START GIVEN DATA
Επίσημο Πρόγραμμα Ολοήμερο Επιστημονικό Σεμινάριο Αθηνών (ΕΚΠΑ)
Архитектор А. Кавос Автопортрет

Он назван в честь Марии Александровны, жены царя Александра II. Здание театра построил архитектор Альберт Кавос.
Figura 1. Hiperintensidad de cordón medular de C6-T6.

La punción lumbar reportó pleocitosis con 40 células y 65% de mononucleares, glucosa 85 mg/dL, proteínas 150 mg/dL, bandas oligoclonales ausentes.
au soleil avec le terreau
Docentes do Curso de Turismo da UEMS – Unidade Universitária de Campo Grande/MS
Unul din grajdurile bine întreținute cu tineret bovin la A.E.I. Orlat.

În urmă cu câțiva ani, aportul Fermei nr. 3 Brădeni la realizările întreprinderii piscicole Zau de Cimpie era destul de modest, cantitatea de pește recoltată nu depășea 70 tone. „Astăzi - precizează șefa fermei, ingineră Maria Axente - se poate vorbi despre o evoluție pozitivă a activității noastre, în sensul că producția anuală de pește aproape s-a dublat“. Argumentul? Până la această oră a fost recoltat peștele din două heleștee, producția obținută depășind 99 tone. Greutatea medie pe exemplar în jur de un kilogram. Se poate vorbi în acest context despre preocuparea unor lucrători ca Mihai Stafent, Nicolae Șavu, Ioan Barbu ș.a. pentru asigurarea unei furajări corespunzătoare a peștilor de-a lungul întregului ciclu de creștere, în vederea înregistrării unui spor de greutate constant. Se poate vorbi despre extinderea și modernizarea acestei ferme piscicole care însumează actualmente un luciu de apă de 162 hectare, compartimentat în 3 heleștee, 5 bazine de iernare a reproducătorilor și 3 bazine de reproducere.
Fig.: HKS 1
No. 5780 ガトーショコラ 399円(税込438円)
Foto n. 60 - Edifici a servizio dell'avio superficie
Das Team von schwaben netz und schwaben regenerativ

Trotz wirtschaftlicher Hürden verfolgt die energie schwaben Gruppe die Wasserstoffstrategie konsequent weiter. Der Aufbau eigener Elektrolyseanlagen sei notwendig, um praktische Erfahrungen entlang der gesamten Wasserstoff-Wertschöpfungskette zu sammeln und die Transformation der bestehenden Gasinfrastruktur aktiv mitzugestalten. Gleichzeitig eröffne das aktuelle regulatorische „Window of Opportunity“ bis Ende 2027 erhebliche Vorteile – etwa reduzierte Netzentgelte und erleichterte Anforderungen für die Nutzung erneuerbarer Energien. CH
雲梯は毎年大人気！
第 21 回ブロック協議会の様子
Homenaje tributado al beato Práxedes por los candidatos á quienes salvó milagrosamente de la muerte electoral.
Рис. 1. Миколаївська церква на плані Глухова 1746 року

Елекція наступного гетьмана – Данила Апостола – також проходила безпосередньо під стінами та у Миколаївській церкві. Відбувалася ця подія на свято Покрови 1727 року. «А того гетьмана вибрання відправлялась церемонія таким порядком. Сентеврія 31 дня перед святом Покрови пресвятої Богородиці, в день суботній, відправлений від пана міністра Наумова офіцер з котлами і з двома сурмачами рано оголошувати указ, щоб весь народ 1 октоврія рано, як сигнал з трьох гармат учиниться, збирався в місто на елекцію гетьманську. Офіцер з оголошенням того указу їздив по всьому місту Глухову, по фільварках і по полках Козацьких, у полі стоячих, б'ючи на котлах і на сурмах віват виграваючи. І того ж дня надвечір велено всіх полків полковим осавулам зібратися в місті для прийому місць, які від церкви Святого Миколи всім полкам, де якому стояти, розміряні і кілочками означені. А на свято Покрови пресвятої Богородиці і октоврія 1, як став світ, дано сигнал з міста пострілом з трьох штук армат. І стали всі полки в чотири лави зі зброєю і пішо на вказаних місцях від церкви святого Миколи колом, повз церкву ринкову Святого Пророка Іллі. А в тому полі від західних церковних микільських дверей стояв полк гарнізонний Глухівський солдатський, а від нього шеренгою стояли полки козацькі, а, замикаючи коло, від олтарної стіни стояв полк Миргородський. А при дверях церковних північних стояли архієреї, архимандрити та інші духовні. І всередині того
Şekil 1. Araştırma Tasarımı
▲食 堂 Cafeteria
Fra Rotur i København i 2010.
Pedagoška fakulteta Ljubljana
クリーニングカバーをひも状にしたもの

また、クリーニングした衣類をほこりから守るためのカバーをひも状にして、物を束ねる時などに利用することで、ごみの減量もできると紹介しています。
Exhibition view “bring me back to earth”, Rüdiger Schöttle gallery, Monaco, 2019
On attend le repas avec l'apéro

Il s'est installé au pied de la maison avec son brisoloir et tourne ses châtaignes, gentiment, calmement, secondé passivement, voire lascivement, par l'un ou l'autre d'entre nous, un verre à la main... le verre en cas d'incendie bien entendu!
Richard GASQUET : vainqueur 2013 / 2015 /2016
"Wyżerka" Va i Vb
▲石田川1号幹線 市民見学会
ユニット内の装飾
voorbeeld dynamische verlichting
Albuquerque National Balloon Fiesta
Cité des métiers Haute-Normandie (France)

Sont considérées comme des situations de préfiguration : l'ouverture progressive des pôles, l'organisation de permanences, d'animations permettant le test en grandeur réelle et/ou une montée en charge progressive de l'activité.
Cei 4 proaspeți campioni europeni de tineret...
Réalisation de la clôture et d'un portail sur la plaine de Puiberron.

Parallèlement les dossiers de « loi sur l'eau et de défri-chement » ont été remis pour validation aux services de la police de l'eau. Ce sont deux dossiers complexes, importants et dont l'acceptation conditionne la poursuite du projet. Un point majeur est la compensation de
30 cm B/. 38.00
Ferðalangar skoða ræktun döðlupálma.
END GIVEN DATA
#### REQUIRED WORK:
Starting at the line that contains "gallery, Monaco, 2019", transcribe every line through the last line of the entries above, exactly, and nothing else.

#### REPLY:
Exhibition view “bring me back to earth”, Rüdiger Schöttle gallery, Monaco, 2019
On attend le repas avec l'apéro

Il s'est installé au pied de la maison avec son brisoloir et tourne ses châtaignes, gentiment, calmement, secondé passivement, voire lascivement, par l'un ou l'autre d'entre nous, un verre à la main... le verre en cas d'incendie bien entendu!
Richard GASQUET : vainqueur 2013 / 2015 /2016
"Wyżerka" Va i Vb
▲石田川1号幹線 市民見学会
ユニット内の装飾
voorbeeld dynamische verlichting
Albuquerque National Balloon Fiesta
Cité des métiers Haute-Normandie (France)

Sont considérées comme des situations de préfiguration : l'ouverture progressive des pôles, l'organisation de permanences, d'animations permettant le test en grandeur réelle et/ou une montée en charge progressive de l'activité.
Cei 4 proaspeți campioni europeni de tineret...
Réalisation de la clôture et d'un portail sur la plaine de Puiberron.

Parallèlement les dossiers de « loi sur l'eau et de défri-chement » ont été remis pour validation aux services de la police de l'eau. Ce sont deux dossiers complexes, importants et dont l'acceptation conditionne la poursuite du projet. Un point majeur est la compensation de
30 cm B/. 38.00
Ferðalangar skoða ræktun döðlupálma.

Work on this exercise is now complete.